For hundreds of years in Western Europe the Catholic Church was the single official religion. After the Protestant Reformation and a series of conflicts, the single church was divided into several distinct heirarchies under separate earthly leadership.
The dispute officially began when Martin Luther observed abuses of the priests, the selling of indulgences and other corruptions. Whether the corruption could have been corrected by any other means, the establishment of new institutions was deemed necessary and appropriate by a large number of people.
Many of these churches proclaim their own universality and may not recognize the others. But when America was established it was decided that nobody should be compelled to support any particular church institution. You could, in effect, subscribe to any church you believed in.
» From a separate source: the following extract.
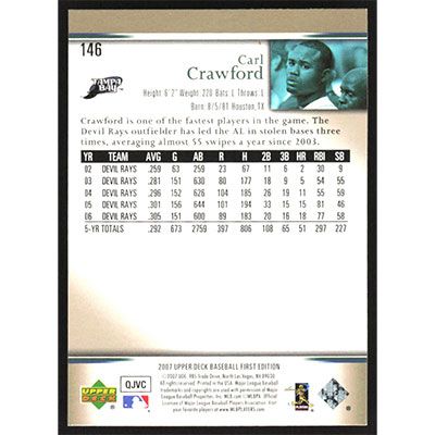 This is a 2007 Upper Deck First Edition Carl Crawford baseball card. The card is #.5 and pictures show condition.

I don’t want to talk too much about what’s going on right now in terms of religious differences, but the differences we have in our belief in how the government should be organized, and whether it is an analogous situation to the time of Martin Luther. This administration has largely wrecked what many of us believe in, the corruption has been almost beyond belief, and the horrorshow in Iraq not to mention New Orleans is disgusting.
Should I write these up as 95 theses? I think not. You get my point, I hope.
Whatever hope we may have that these fascists will be thrown off democratically, I’m concerned about the fact that as many as a third of the public still supports them, and apparently subscribes quite honestly to the authoritarian power structure. We should keep trying to explain why it’s wrong and how they are hurting people, including themselves, but it would take a lot more time than an election cycle or two to cut this percentage down to something insignificant. Generations.
So what if we just let them not be part of the same government?
It probably sounds sacriligious, if you believe a single, unified, democratic government is the essence of the nation. But of course it isn’t, we have geographically defined divisions, states with their own semi-autonomy. But there isn’t such thing as a 100% Red or 100% Blue state.
if our conception of government is different from theirs, can we have a peaceful union?
I’m not proposing answers, just questions.